The struggle is real. Someone help me out here please:
>5. Two old ladies left from A to B and from B to A at dawn heading to-wards one another (along the same road). They met at noon, but did not stop, and each of them carried on walking with the same speed. The first lady came (to B) at 4pm, and the second (to A) at 9pm. What time was the dawn that day?
I think dawn was at 6am. This assumes that Old Lady A travels the full distance in 10 hours and Old Lady B takes 15 hours to travel the same distance.

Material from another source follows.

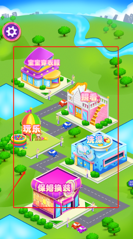 2、选红色框里的洗澡房子,进入给宝宝洗澡的小游戏。
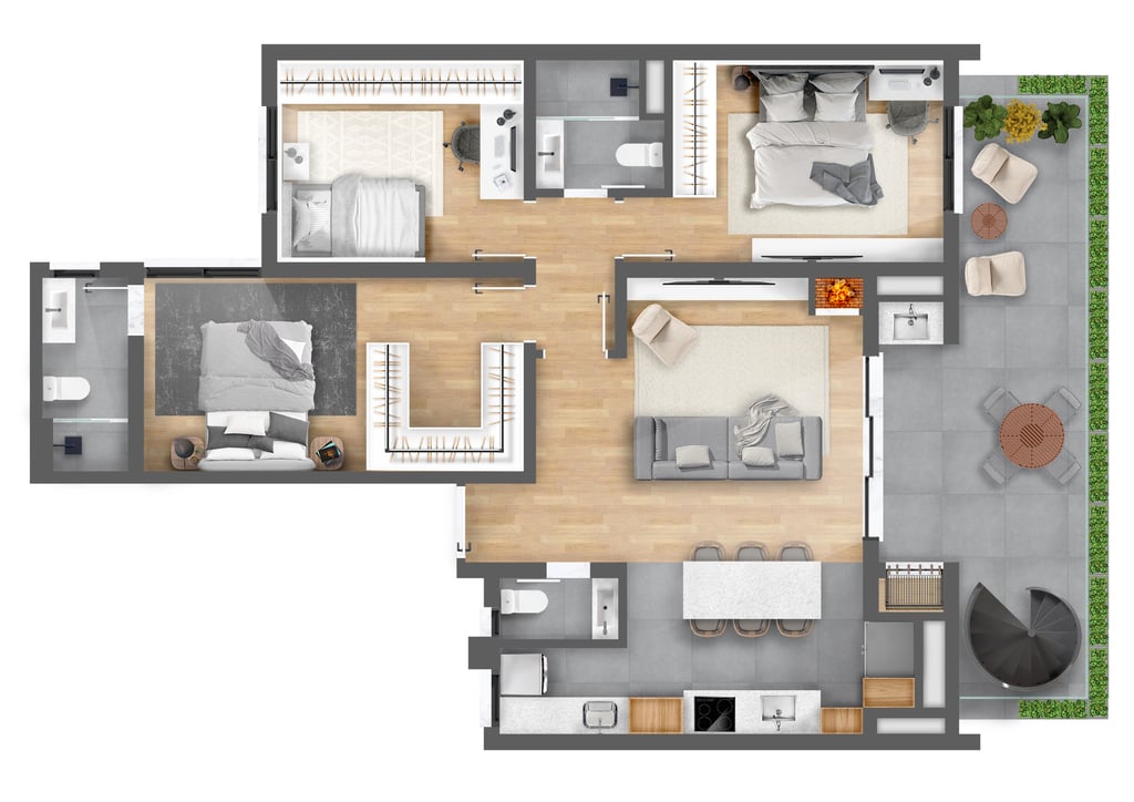 Unidade 504: 3 Dormitórios com Rooftop; 194,5 m² privativos; Terraço de 79,49 m² + Varanda com Churrasqueira; Suíte com mais de 18 m²; 2 vagas cobertas lado a lado.

I don't know how I arrived at that answer other than some sort of trial and error. I don't like it.
Say the middle point is M. We know that for each person the ratio of time to go between M->A should be the same as to go between M->B since the distance is fixed only the rates are different.
First lady got to B at 4 pm so her M->B is 4. Second lady got to A at 9 pm so her M->B is 9. Since they both left in the morning, if we call the first lady's M->A time to be x, we know that the second lady's M->B has to be x as well.
Using the fact that the ratio of M->A : M->B should be the same for both of them, we can set up the equation
4/x = x/9 ==> x^2 = 36 ==> x = 6
Since getting to M was at noon and 12-6=6, dawn was at 6 am.
(For what it's worth, I did trial and error too cause I was lazy and didn't feel like thinking... then noticed the nice pattern and back justified it. :P)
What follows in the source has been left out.